My adult self? Still believes that there is nothing she can do in order to have aggressors leave her alone.
Then we 'just' have to come up with some other stuff your adult self can do. Totally serious. Not necessarily easy, which is why 'just' is in quotes.
I had one of those small scale 'light coming on' experiences over the weekend. It seems sort of relevant, maybe? I was driving to therapy and listening to the radio. They were talking about 'families' and the functions of families and the things that are supposed to happen in families, etc. Basically, one of the functions of a family is that, when something bad happens to you, it's supposed to be a place you go where people then pay attention to you and your needs. As a result, you get needs met, learn it's ok to have needs, learn problems can be dealt with, etc etc. But, as the discussion went on, in this happy little story, something bad happens, primitive human turns to tribe, tribe helps. That's the theory. As I ran through that, it became quite clear that if the tribe isn't very functional, different things are going to happen. If the tribe is led by a narcissist, for example, what ever happens is going to be about THEM because EVERYTHING is ALWAYS going to be about 'them'. Then the lessons learned will be completely different. Sit with that for a second, as just a collection of facts, nothing more or less.

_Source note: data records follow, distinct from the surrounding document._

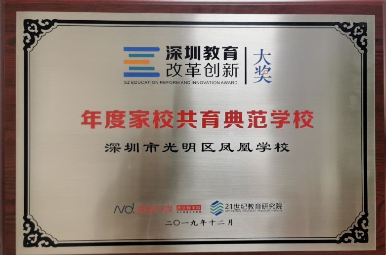 在今年的各項年度教育改革創新大獎的角逐中,經過初評、網絡投票(部分)以及終評,光明區鳳凰學校榮獲“年度家校共育典范學校”!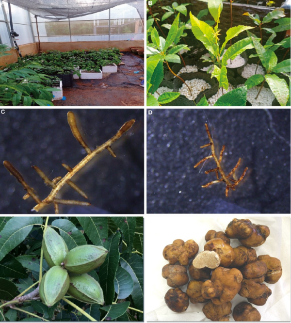 美国山核桃引种至我国已一百多年,是发展果木-食用菌立体经济的理想树种,但生产上幼苗菌根化程度低,合成菌根菌剂并应用于生产是提高其成活率的关键。项目组通过对美国山核桃的菌根真菌多样性、环境影响因子及适应机制进行深入研究,建立了美国山核桃菌根真菌数据库,挖掘出一批既有助于美国山核桃菌根化又具有较高的商业价值的菌根真菌资源。在此基础上,选用其中两种本土经济真菌(丽江块菌和云南硬皮马勃)成功与美国山核桃进行了菌根苗的合成,并获得了授权发明专利2项(ZL 2024 1 0146512.2、ZL 2024 1 0100743.X),为美国山核桃-食用菌立体经营的林下经济发展提供了新的选择。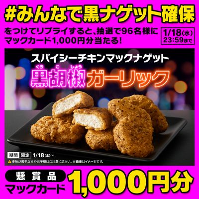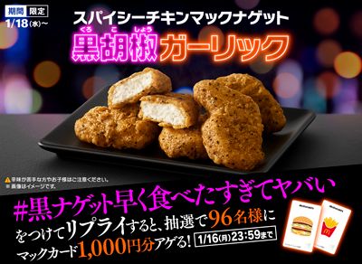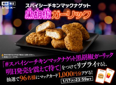 日本マクドナルド株式会社(本社:東京都新宿区、代表取締役社長兼CEO:日色 保)は、粗挽きブラックペッパーとガーリックの旨みが後引くおいしさの、「スパイシーチキンマックナゲット 黒胡椒ガーリック」を1月18日(水)から期間限定で全国のマクドナルド店舗にて販売いたします。さらに、「スパイシーチキンマックナゲット 黒胡椒ガーリック」のおいしさをより引き立たせる、2種の新ソース「コク旨黒にんにくソース」と「やみつき旨辛チーズソース」が期間限定で登場するほか、夕方5時からの夜マック®時間帯では「スパイシーチキンマックナゲット 黒胡椒ガーリック」もお楽しみいただける「食べくらべ ポテナゲ大」「食べくらべ ポテナゲ特大」を期間限定で販売いたします。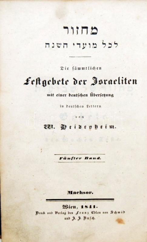 W. Veidenheim: die Sammtlichen Festgebete der Israeliten mit einer deutschen Übersetzung. Machsor. Wien 1841. kissé sérült egészbőr kötésben / slightly damaged full leather binding

One of the things I like about my T is that he's never denied that bad shit happens. He's never advocated believing in a world full of rainbows and unicorns. No matter what I've thrown at him, he's never once said, "Well, we both know THAT isn't very likely to happen." He's just helped me unpack and deal with the problem, no matter how unlikely. I don't know for sure that approach works for everyone. You might not find it helpful, but it's something to think about. The thing is, you actually have to address the
'what if?' scenario, in detail, you can't just let some hysterical part hijack the show.

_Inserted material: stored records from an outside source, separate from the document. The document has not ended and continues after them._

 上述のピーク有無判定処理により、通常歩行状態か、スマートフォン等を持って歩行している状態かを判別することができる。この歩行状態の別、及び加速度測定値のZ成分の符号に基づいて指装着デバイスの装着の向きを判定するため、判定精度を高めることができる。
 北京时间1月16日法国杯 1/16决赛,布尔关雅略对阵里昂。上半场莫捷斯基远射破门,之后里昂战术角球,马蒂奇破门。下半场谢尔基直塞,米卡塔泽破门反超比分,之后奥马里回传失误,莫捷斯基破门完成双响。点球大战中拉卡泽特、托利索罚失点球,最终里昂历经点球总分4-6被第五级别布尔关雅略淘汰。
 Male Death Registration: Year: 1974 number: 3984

So, you have actually BEEN in some situations where there wasn't much you could do to get people to leave you alone. A number of times. And it was bad. On a bunch of levels. Maybe to deal with this you need to pick apart the forces at work that let that happen, do some comparing of then and now, and come up with some ideas to use going forward. Because this IS scary stuff and it seems more reasonable to work on planning than to randomly panic.